> **Records for this task**
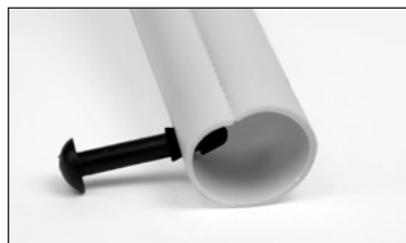
LOOP LOCK® Pin (LLP)
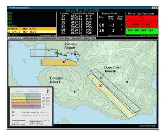
Fig. 1: The geographic display presents the most recent sensor data on a map background.

The geographic display (Figure 1) depicts the current sensor data (along with sensor locations) and JAWS alert area warnings on a background of local topography. Anemometer winds are indicated by green wind barbs and 1200 m profilers winds are indicated by blue wind barbs. Calm winds (< 3 kts) are indicated by a circle, rather than a barb and data interruptions or low-quality data are indicated by a small "X" at the sensor location. JAWS alert areas are indicated by polygons with fill colors and textures that correspond to the turbulence alert level. The alert box is clear when turbulence levels are predicted to be below the minimum alert threshold.
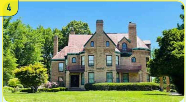
WILLIAM WARFIELD HOUSE / 1626 MAINE
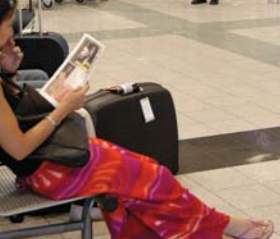
AIRPORT TERMINAL 2B
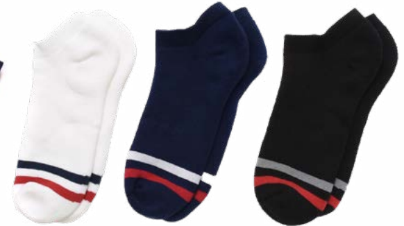
The Kennedy Ankle Sock
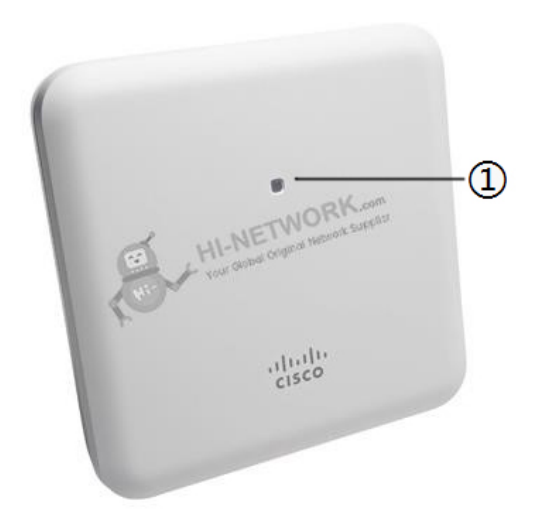
Figure 2 shows the AIR-AP1852I LED Indicator Position.
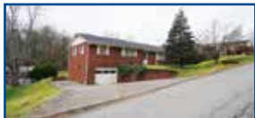
1004 Commanche Dr. - 3 BR, 2 full BA, brick home offering 2,296+/- sq.ft., 1 car built-in garage, formal LR & DR, kitchen w/laundry facilities & new refrigerator (wall oven in 2016), screened deck area off kitchen overlooking the back yard, gas furnace & AC less than 1 yr old. Roof in 2015. $114,500 (CCJ)
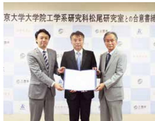
Conclusion of the Agreement of Cooperation between Mitoyo Matsuo Laboratory of the University of Tokyo and NITKC (August 2018, Mitoyo City Hall)

The division will actively provide educational programs about AI and its underlying data science courses to all the students of the National Institute of Technology colleges by using the educational and research resources of the University of Tokyo's Matsuo Laboratory and NITKC's research achievements.
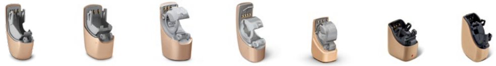
Roger™ 19 Roger™ 18 Roger™ 16 Roger™ 15 Roger™ 13 Roger™ 11 Roger™ 10
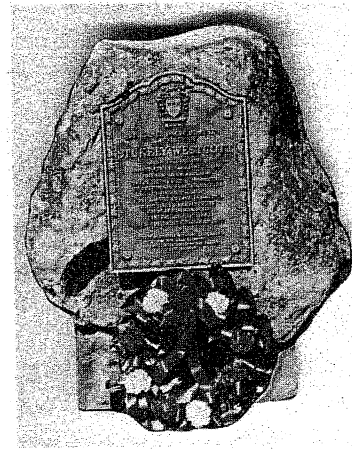
MEMORIAL IN WARWICK, RI
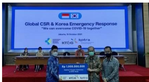
Ministry of Health Representative Received Covid-19 Response Fund from Korean Tobacco & Ginseng in Jakarta, Oct 15, 2021.

There were massive involvement of tobacco companies in non-tobacco related activities, such as COVID-19 handling, vaccination programs, training activities for persons with disabilities, environmental activities, and charity events. The involvement of tobacco companies in these activities serves as a form of corporate social responsibility (CSR) and aims to improve their public image and strengthen their relationships with the government and local communities. Moreover, tobacco companies have made donations or provided the assistance to government agencies or organizations during the COVID-19 pandemic. The donations are generally in the form of medical equipment, such as oxygen concentrators or rapid antigen tests, and the events are attended by government officials or representatives. The companies involved include KT&G from Korea, PT Djarum, and PT HM Sampoerna.
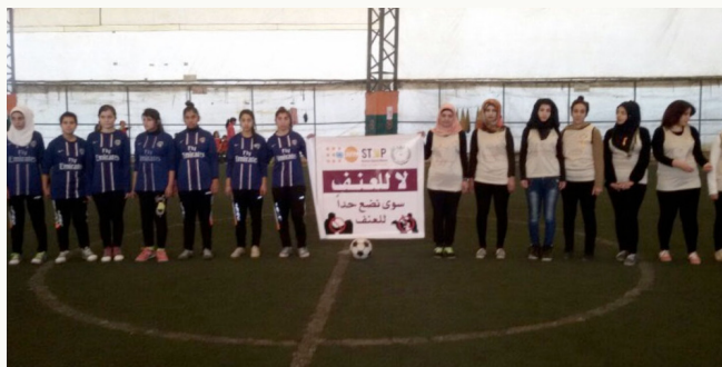
Women football teams in Syria participate in the 16 Days of Activism campaign in Syria.

"Last year alone, the Fund invested more than $93 million in the prevention of and response to gender-based violence and harmful practices in developing countries and in humanitarian crisis situations," Babatunde Osotimehin, UNFPA Executive Director.
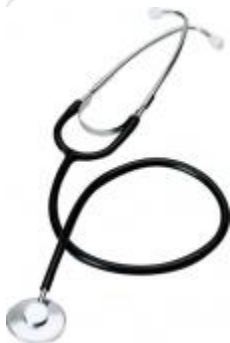
HS-30A Single Head Stethoscope For Adult

We also provides various stethoscopes with given functions for different use. Moreover we are glad to develop new product to meet request of customers from all over the world.
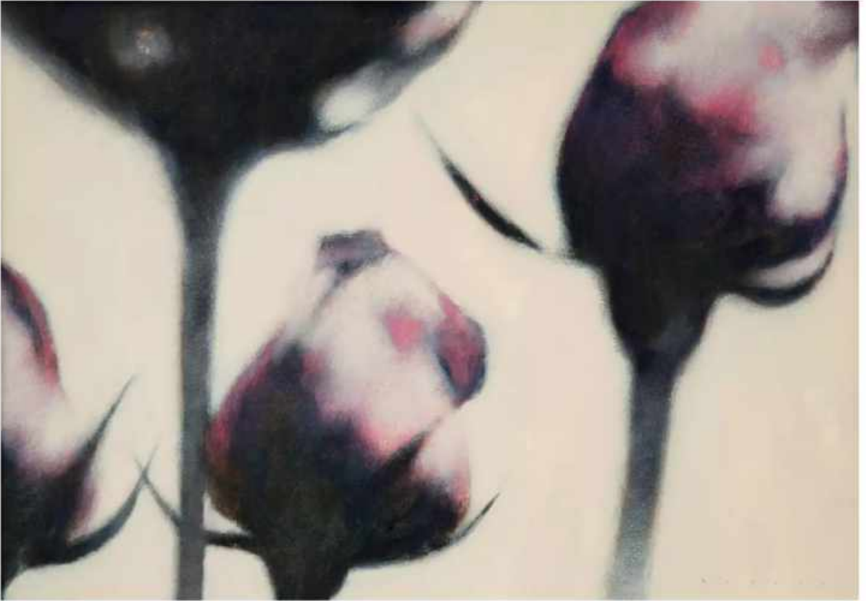
Massimo Barlettani "Rose" Acrylic on Wood 27.6 x 19.7 inches
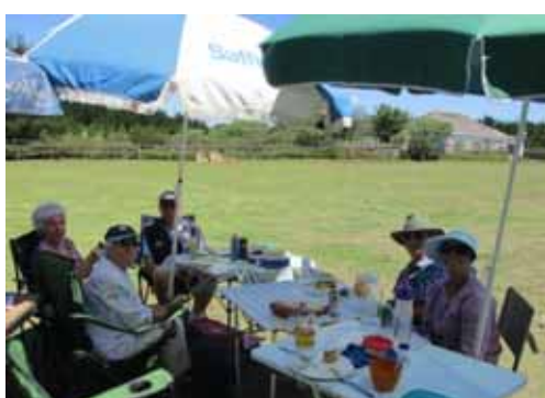
Competitors charging batteries before

A small but enthusiastic group gathered by the two cricket pitches behind Totties on 17 th February to take part in the Forever Young Games and Picnic.
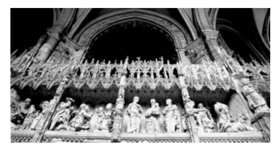
The Choir Screen

small chapel on the north side of the ambulatory, just beyond the chapel devoted to Our Lady of the Pillar (also sixteenth-century), who herself draws crowds of visitors to prayer. In 1927 the cloth was scientifically examined and found to come possibly from the first century AD. There is even a legend that a statue of a virgin with a child, inscribed Virgini pariturae (To the Virgin Who Would Bear a Child), was worshipped in the crypt by pagans who were awaiting a saviour born to a virgin. <sup>13</sup> Popular stories such as these were meant to establish the primacy of the church of Chartres, both as community and as cathedral.
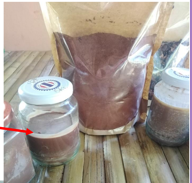
Unrefined raw cacao butter
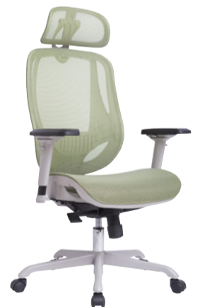
Zhejiang Henglin Chair Industry PWTC, Booth 2A02 www.henglin.com
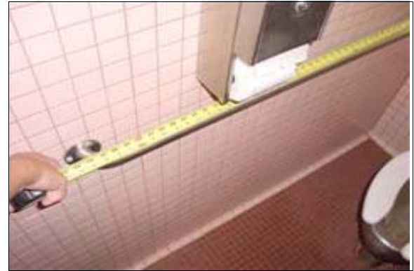
Women's Restroom at Stengel Field

Full Rec: The front end of the grab bar shall extend at least 54 inches from the back wall and the back end of the grab bar shall be mounted within 12 inches from the back wall. Grab bars must be able to support a point load of at least 250 pounds and shall be less than the allowable shear stress of the grab bar material.
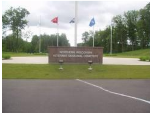
Northern Wisconsin Veterans Memorial Cemetery N4063 Veterans Way, Spooner, Washburn County, Wisconsin 54801 Tel: (715) 635-5360 | Email: nwvmc@dva.wisconsin.gov
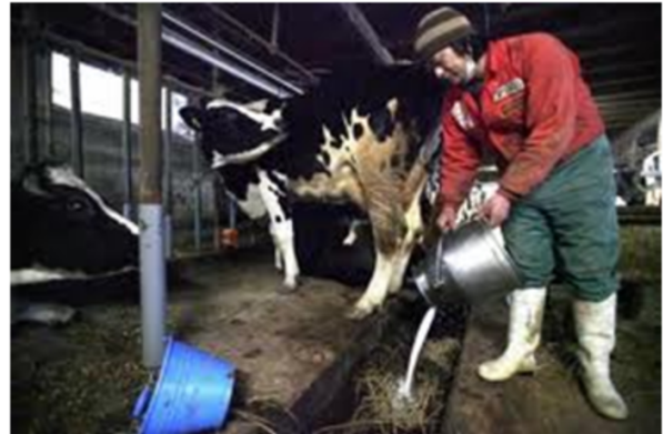
Fukushima dairy farmer disposes of milk

Fukushima and Ibaragi prefectures were also asked to halt milk shipments because of fear of contamination. One farmer pumping milk from his cow directly into the drain, as one of his cows seemed to peer over his shoulder, lamented that he must “throw away milk like garbage.”
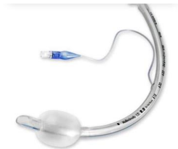
Endotracheal tube cuff
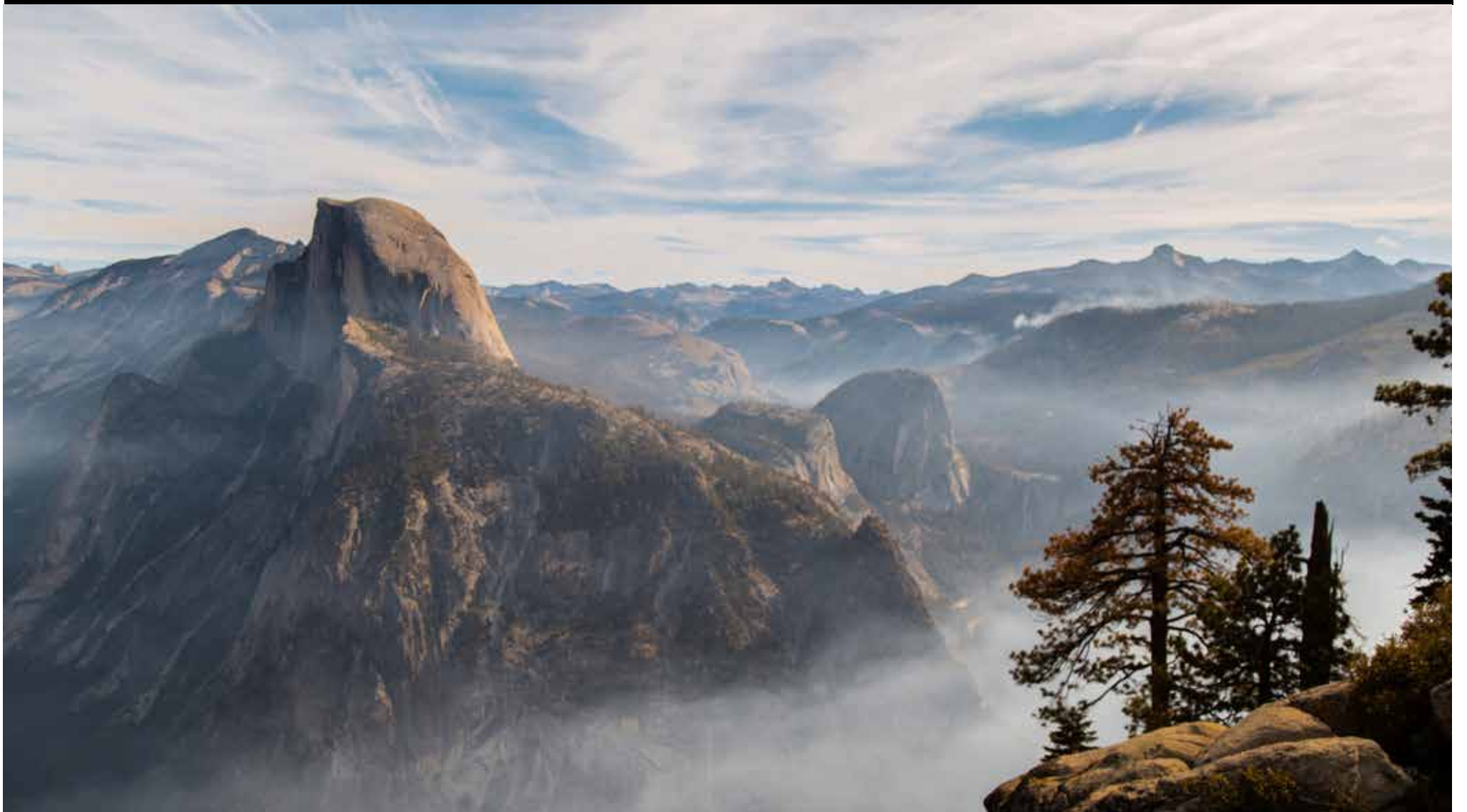
Smoke from the 2017 Empire Fire drifts around Half Dome. Read about how fire plays an important role in Yosemite on page 10 .

Experience Your America Yosemite National Park
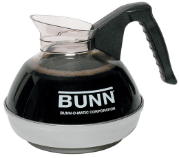
EASY POUR,(BLK) 6/CS
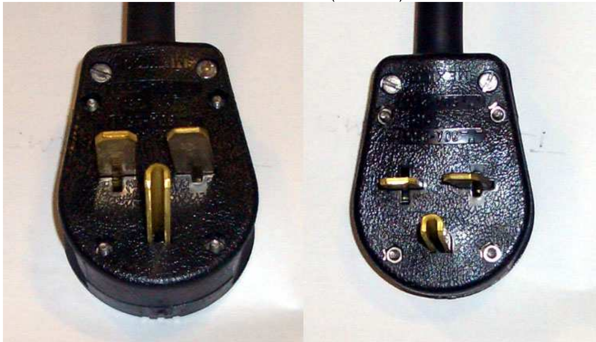
PICTURE OF PLUG SUPPLIED ON STANDARD 394 PRESS

The machine is normally shipped with a 220v-30 amp power cord and plug. It is recommended that in either size machine be plugged into a 30 amp single phase outlet. This is to insure proper voltage and reduce any issues with heat recovery. Check with your local electrical code for specific requirements depending on actual loads. The 394-TS (16" x 20") can be plugged into a smaller 20 amp service, check with you local codes and a professional electrician to confer.
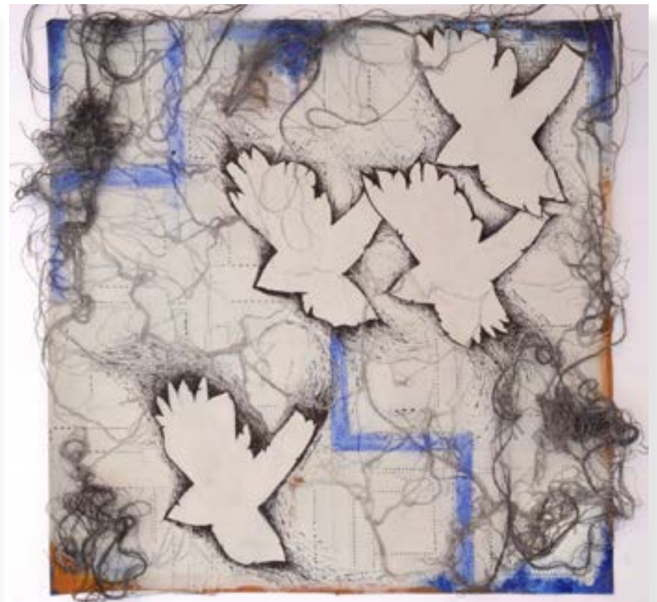
Somaya Abdulghani Iqra, 2017 Mixed Media on Fine Paper 70x70cm
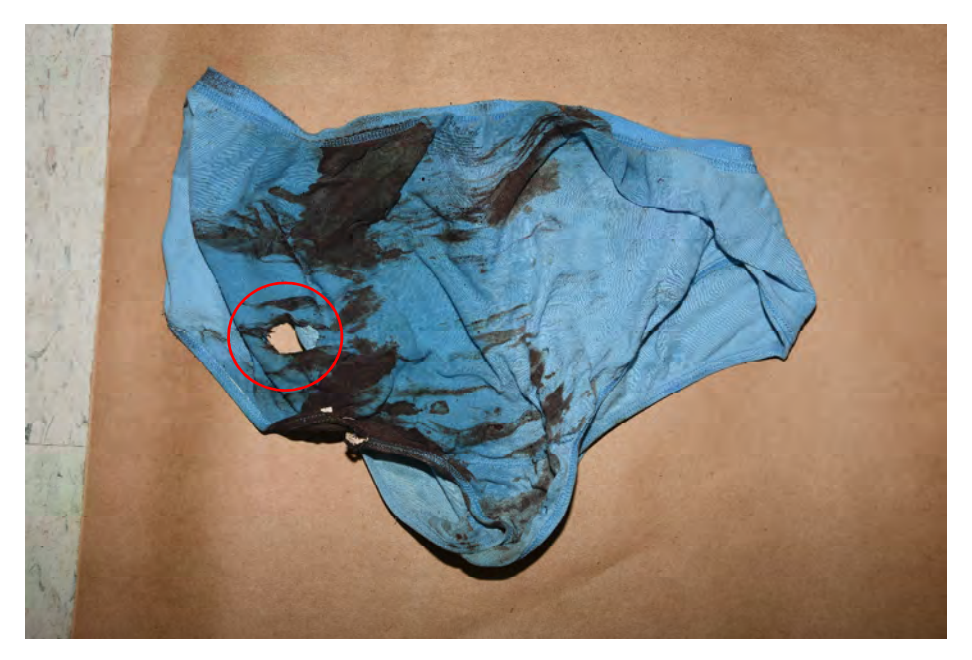
Figure 1, Blue Underwear w/ Defects

The first package contained a pair of blue women's underwear. The item was photographed (Figure 1, Blue Underwear w/ Defects). The underwear had a defect in the rear left side. Suspected blood was located on the back of the underwear in the general area of the defect. Locations of the defects are described as the item is lying flat.
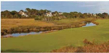
Golf Course With Barranca
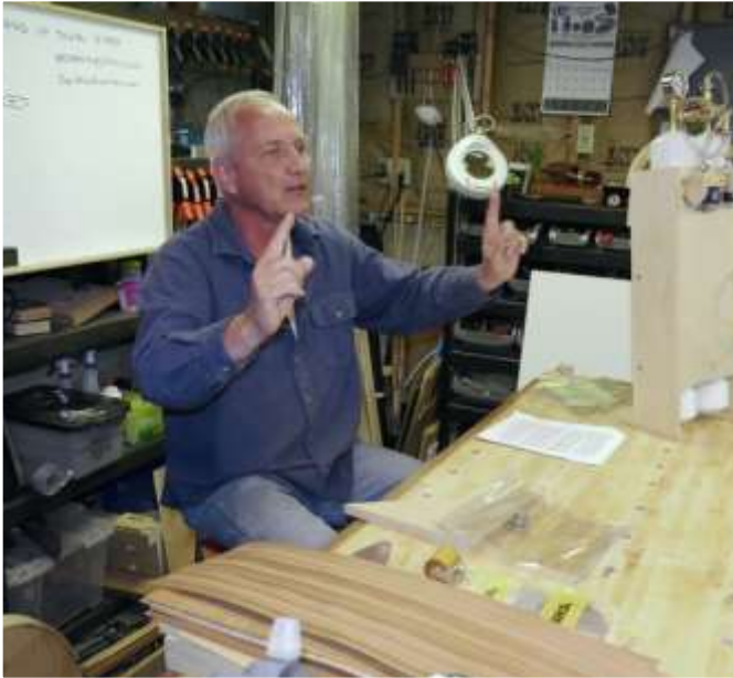
Optometrist or Vacuum Veneer Genius?
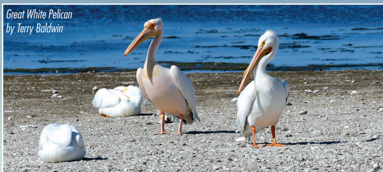
Great White Pelican
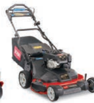
TIME MASTER 21199
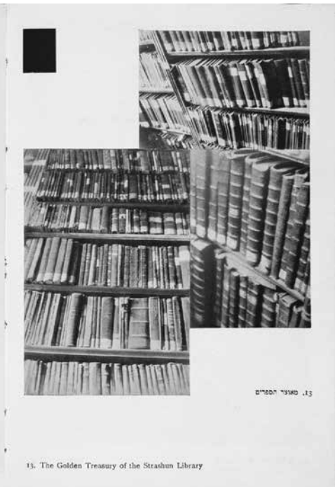
7. In Strashun Library. The Golden Treasury of the Strashun Library (Fig. 12, 13).
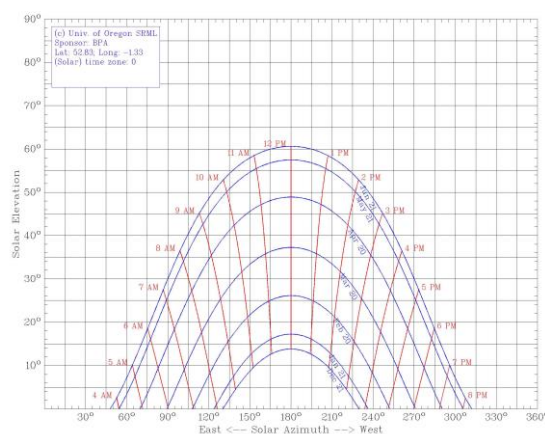
Figure 2: Elevation of the sun above the horizon. Chart generated from http://solardat.uoregon.edu/SunChartProgram.html

The amount of sunlight available and the angle are dependent on the geographic location of the solar panels. So to calculate this, we must first gather historical data of solar elevation for the latitude and longitude of EMMA – 52.829290, -1.331927. This can be shown in Figure 2 which plots solar elevation throughout the months between the Summer and Winter solstices of 2016.
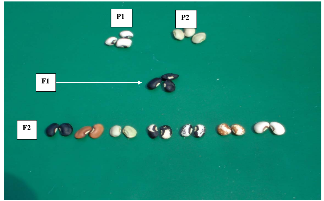
Plate 3: Segregation for seed coat colour pattern in the cross involving IT98K-628-1and IT98K-1095-5 (Mag.x1) P1 = IT98K-628-1, P2 = IT98K-1095-5

> **What is needed**
In the data above, find the line containing "The division will" and the line containing "Ministry of Health". Copy exactly the stretch from the first through the second, both included, leaving out any picture.

> **Output**
The division will actively provide educational programs about AI and its underlying data science courses to all the students of the National Institute of Technology colleges by using the educational and research resources of the University of Tokyo's Matsuo Laboratory and NITKC's research achievements.
Roger™ 19 Roger™ 18 Roger™ 16 Roger™ 15 Roger™ 13 Roger™ 11 Roger™ 10
MEMORIAL IN WARWICK, RI
Ministry of Health Representative Received Covid-19 Response Fund from Korean Tobacco & Ginseng in Jakarta, Oct 15, 2021.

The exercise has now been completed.